Your scene graph is probably good for describing spatial relationships between objects in your virtual environment, but it's also probably not the best solution for describing render-state relationships. So why not keep things separate?

Traverse the scene graph in order to obtain a list of visible objects, and then organize those into *another* graph that describes render-state relationships. That way you don't need to worry about mixing different applications for the same structure (in this case, the scene graph). So you use another graph, maybe a "render graph" and let *that* worry about multi-pass and other such things.

I've been doing some work on that front lately, and I've actualy worked a lot more with "render trees" than with traditional scene graphs. The good thing in this approach is that you can try to design a method for building the render tree (or graph) based only on an arbitrary list of (visible) objects, so in the end you have a very optimized way of rendering things, without "enforcing" a particular way of organizing those objects spatially. That way you can work with a scene graph, or with objects lists, or whatever.

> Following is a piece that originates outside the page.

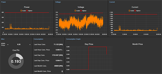 The Python script computes the power consumption per hour, per day, but also per month. Now that we have all these consumption data, we can compute the cost of all this. Knowing that the number of consumed KW/h and its unit price, which is between 0.15 and 0.3 cts/KW/h in Switzerland, we can compute the price. On the following screen shot, you can see the computed costs:

And, of course, it is expected that each graph only needs to worry about one thing (i.e. rendering or spatial) so you reduce overall complexity.

Hope this helps.


[]s,
M.

For exactly the reasons outlined in this thread, I'd recommend using multiple "scene graphs" organized for each usage scenario. Ex. one for transform, one for spatial, potentially one for render state (although just sorting the render list is efficient enough in most cases), etc.

Using a true DAG (directed acyclic graph) for a "scene graph" is simply not practical for modern game development on modern hardware. In fact, the term "scene graph," while useful due to its historical usage, is misleading relative to the way most people (should) use it.

I (and many, many others) would recommend you think of it more like a "scene database" or more generically, "scene manager." Implementing it in terms of a DAG doesn't offer you much advantage and has quite a bit of disadvantage (as you're discovering with multiple render passes, a classic example of where scene *graphs* become less practical/intuitive).

Now, a DAG can be useful for certain scene management tasks, such as spatial (hierarchical) relationships, or complex material descriptions (if they're dynamically editable at a high level, otherwise "bake" them into a more compact representation).

Most of the scenegraph groupthink comes from the SGI Inventor days. While many APIs and middleware have attempted to propogate the thinking (most of them as extensions of Inventor thinking), the majority of major commercial game developers I'm aware of don't implement scene graphs anywhere near that literally.

Now, you're at least not making the most fundamental mistake, which is mixing renderstate control flow (in the form of a DAG) with spatial/hierarchical relationships (in the form of a DAG) into one unified DAG, which is the classic scene graph that most people implement (and are eventually frustrated by). I still wouldn't personally use a DAG for renderstate control, as I tend to prefer something logically equivalent to display lists (which may or may not be populated by traversing a DAG, or querying a database, or by running script).

My most recent work on this subject has lead me to conclude that using DAGs for organizing render states is not a good idea because it smells like overkill for 99% of usage cases. So instead of a DAG, I am currently doing some work on "render state *trees*", which, of course, implies the graph is a tree, and not a generic DAG. The remaining 1% can be easily treated by creating separate trees. So maybe you cannot do some combinations of things using only *one* tree, but you can do them with additional ones.

One thing that comes to mind is granularity. I can probably solve every case with one or more render state trees, but now I'm left with managing those. But then again, you're on a higher level now, where you're not juggling render states around, but trees made of them, and that's gotta simplify things a bit. If I can direct the output of a render state tree to a specific render target, then I can actualy start chaining trees together, and solve for very complicated use cases, with relative ease.



[]s,
M.

Quote:Original post by m4gnus
isn't that kinda overkill? one scenegraph just for transformations oO.

Nope, it actually works perfectly and avoids ugly downcasts as well (since each data structure has a specific use which is valid for every node/member). It's similar in structure to a database "index", which is the key to databases' speed.

Quote:Original post by m4gnus
that is one of the reasons i switched to a scenegraph. The sorting is included and i don't need to sort.

That's fine, but just keep in mind the cases where the sorting isn't actually a bottleneck... I've never bottlenecked on state sorting - the actual state updates and draw calls are always at least an order of magnitude slower. Don't do unnecessary work :)

Quote:Original post by m4gnus
guess i'll abandon the the whole scenegraph thing. That all seems horribly complicated with very little benefit.

It's not, although there are a lot of bad ideas about it out there. Take the advice given in this thread; proper data structures for your scene are critical to getting any sort of performance what-so-ever, and make writing new algorithms easy.

Just don't try to mix too many things into one data structure. If you need a structure to represent a spatial BVH, make it. Similar for a transform hierarchy. Similar for a scripting language tie-in. Just realize that most of these tree-like (or otherwise) structures can use a common code-base.